Economic decisions are often influenced by the institutional settings in which they are made, and thus decision behavior can be understood as an individual process of adaptation to the environment. The central goal of our research is the development and testing of cognitive models that explain economic decisions.

Adaptation Processes

People’s decisions are influenced by their experience. When buying a new car, for instance, people’s past experience will strongly influence their purchase. Someone satisfyingly driving a Mercedes for several years might not seriously consider other brands when buying a new car even if new attractive cars have been introduced to the market. Similarly, investment decisions are often influenced by an investor’s past investment failures. How experience changes people’s behavior has traditionally been described by learning models. The present project focuses on how models of bounded rationality improve explanations of people’s behavior when they take learning and memory effects into account.

Consumer Behavior

Most economists define rationality in terms of consistency principles.
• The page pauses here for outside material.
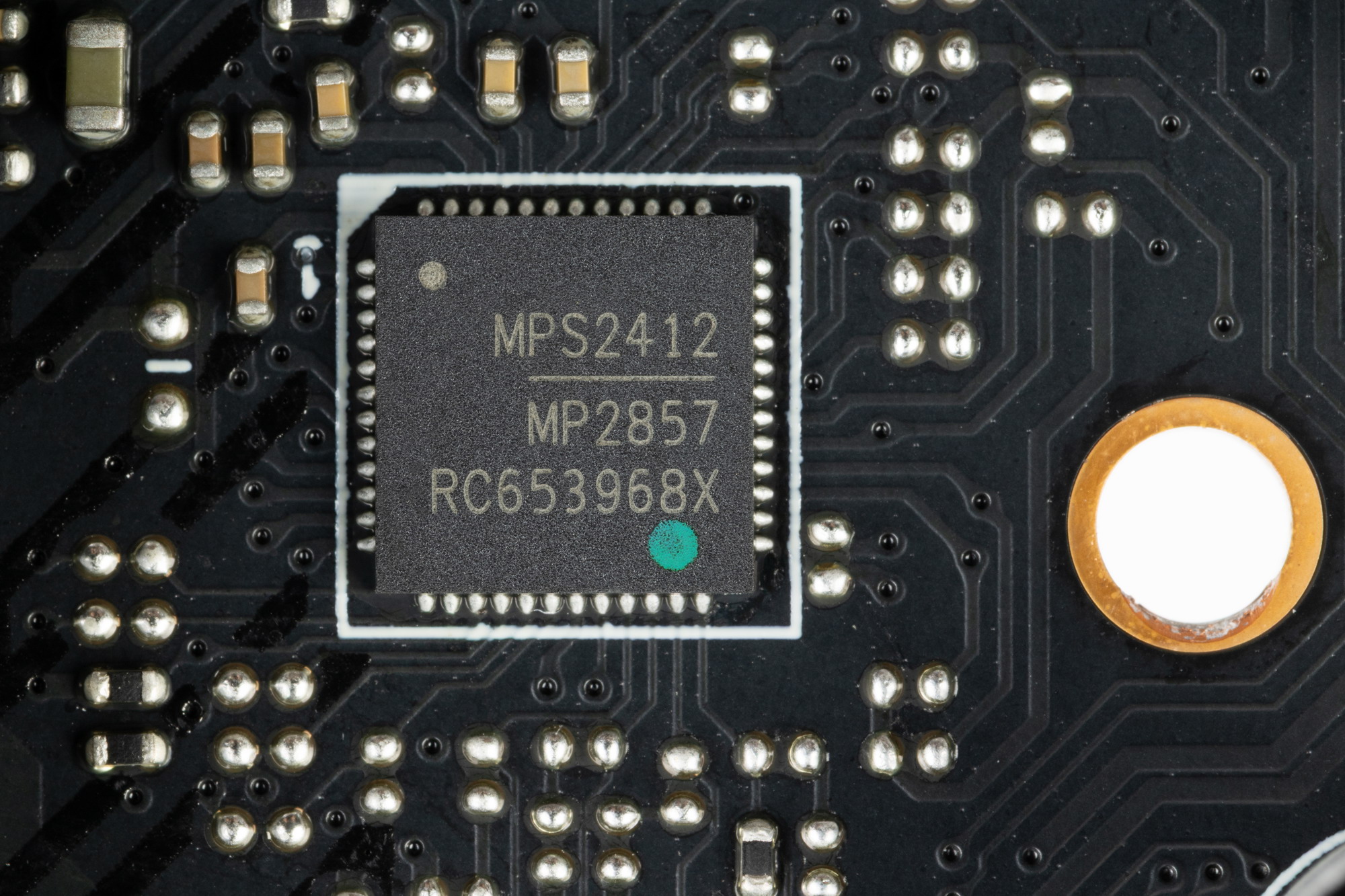 Управляет этими наборами фаз VCore и SoC (14+2) ШИМ-контроллер MP2857 от того же производителя MPS.

Several decades of research on consumer behavior has demonstrated how and when people violate these principles. In this project we examine cognitive theories that can explain people's preferential choices and provide better theories of consumer behavior. These theories go beyond traditional economic discrete choice models, by explaining the cognitive process underlying choices and its contexual embedding.

Behavioral Finance

Economic decisions are often characterized by risk and uncertainty. The perceptions of risk and returns are central factors affecting economic behavior and should influence how individuals make investments. When aiming for a deeper understanding of how people handle risk, it is beneficial to go beyond a purely behavioral approach and explore the cognitive and in particular neurocognitive mechanisms underlying decisions. This project explores how people's investment decisions are determined by the interplay of their attitude toward risk and the perception of risk and return.